Monday, September 29, 2008

1 out of 4

So, about a year and a half ago God led me to this really cool gal....with a really cool non-profit organization that you can check out here.

Through Gateway of Hope I got to know its founder and am now blessed to be a part of the Christian Care Coalition. Simply put, God has given me an awesome chance to serve Him in exactly the way I feel called to serve and I am excited! But.......the statistics are staggering and the faces and stories behind "1 out of 4" are heart-breaking, I know from personal experience.

  • Conservative statistics reveal that one in four girls will be sexually abused before age 18.
  • Related statistics reveal that 95% of teenage prostitutes have been sexually abused.
  • Similar statistics reveal that one in four teen age girls and adult women will be physically abused by their boyfriend, partner, or spouse.
  • One in six American women has been the victim of an attempted or completed rape.
As I sit in church on Sunday, stand in line at the grocery store, drive down the streets of my neighborhood, and watch my girls play...I find myself thinking about those "1 in 4".

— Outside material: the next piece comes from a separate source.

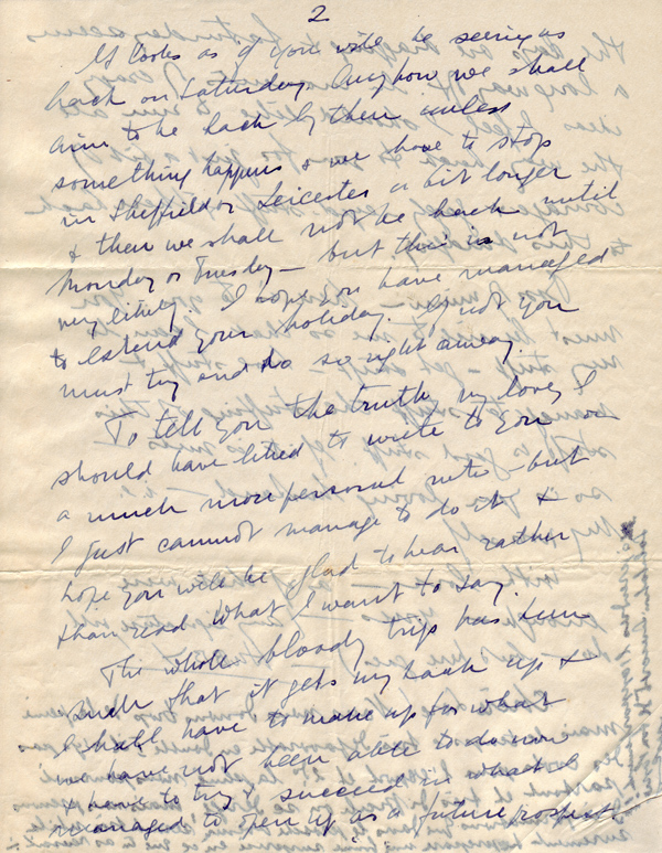 It looks as if you will be seeing us back on Saturday. Anyhow we shall aim to be back by then unless something happens and we have to stop in Sheffield or Leicester a bit longer and then we shall not be back until Monday or Tuesday – but this is not very likely. I hope you have managed to extend your holiday. If not you must try and do so right away.

1 out of 4 means that when my precious girls are having a playdate with their 2 girlfriends, 2 of them will, at some point in their lives be traumitized and violated (statistically thinking).

1 out of 4 means that at church on Sunday.......depending on the number of people there, one can assume that at least a quarter of the women/men there are being, or have been abused at some point in their lives.

1 out of 4 means that when I'm hanging out with a few of my dear girlfriends.....and there are 4 or more gathered, at least one of us has suffered some form of abuse during our lives.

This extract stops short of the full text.